Луич поднял одеяло, перекинул его через руку и направился под дерево, чья крона, могучая и черная, подымалась высоко в небо.
— Ганс, этот человек сошел с ума, — сказал Дитер. — Этого человека надо было бы послать в сумасшедший дом.
— Может, он и историю про Гитлера в бреду придумал? — предположил Ганс. — Может, и письмо, которое будто бы от фюрера, он сам сочинил?
— Нет, письмо от фюрера, — сказал Дитер. — Я знаю его почерк. Письмо действительно от фюрера.
— Если так, то этот человек войдет в историю вместе с фюрером. Он уже вошел в историю…

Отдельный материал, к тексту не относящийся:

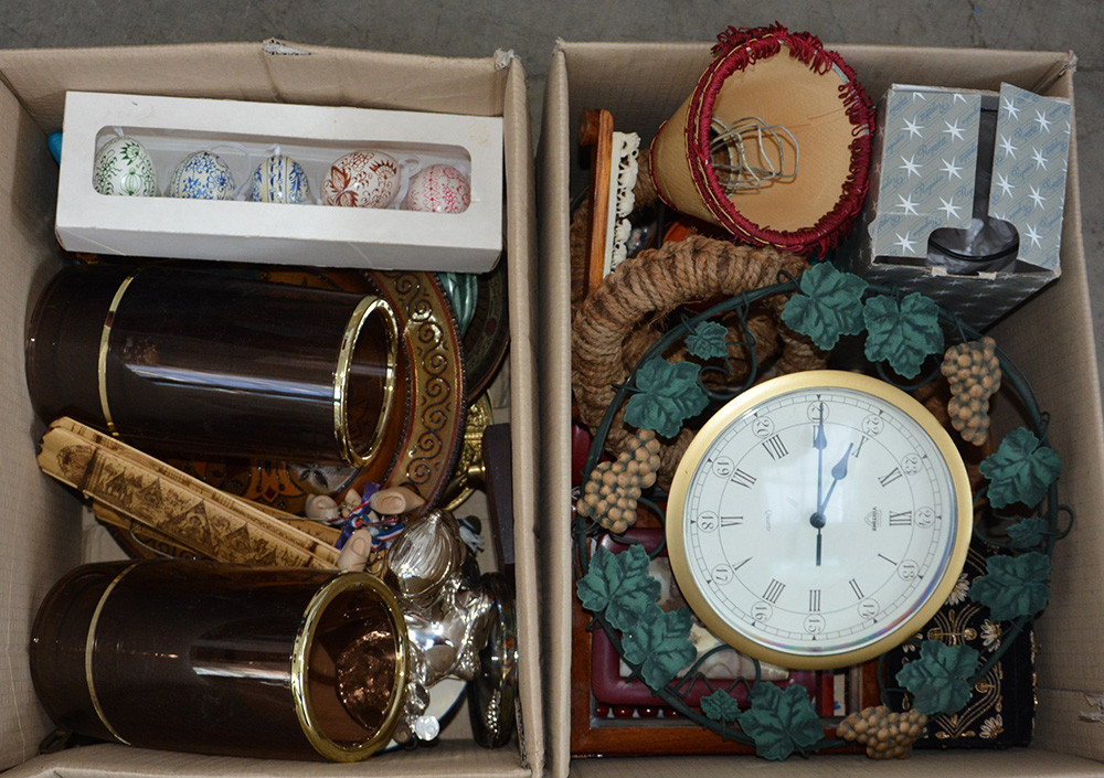 Lotto di due cartoni contenenti oggetti vari

В историю или в могилу, хотел сказать Дитер, но промолчал, так как с Гансом нельзя было говорить все, что думаешь. Фюрер — безумец, подаривший немцам пять миллионов погибших, а Европе — самую страшную войну в истории и бесчисленные жертвы. Может ли этот человек войти в историю иначе, чем преступником? И стоит ли входить в историю в обществе такого человека?
Он вылез из палатки, в которой остался Ганс, и пошел прогуляться по лесу. Вступил в лес, под черные и глухие кроны, молчавшие под темным небом. Зажег фонарь и возле толстого ствола обнаружил Луича: он лежал на земле, закрытый одеялом до подбородка; из-под одеяла выглядывали ноги в опанках и чуб, лицо было обращено к небу, руки подложены под затылок.
Заснул?
Заснул, даже храпит.
Что это я слышу? Его храп? Или что-то другое? Точно кто-то подкрадывался ко мне, бродит вокруг, подглядывает и подстерегает. Деревья качались, сучья потрескивали, развилки скрипели, ветки колыхались, как руки, простертые с угрозой. Лес ли это? Ветки ли? Ветер? Может, это люди? Не они ли это подкрадываются с ножами, винтовками, гранатами? Не мертвецы ли?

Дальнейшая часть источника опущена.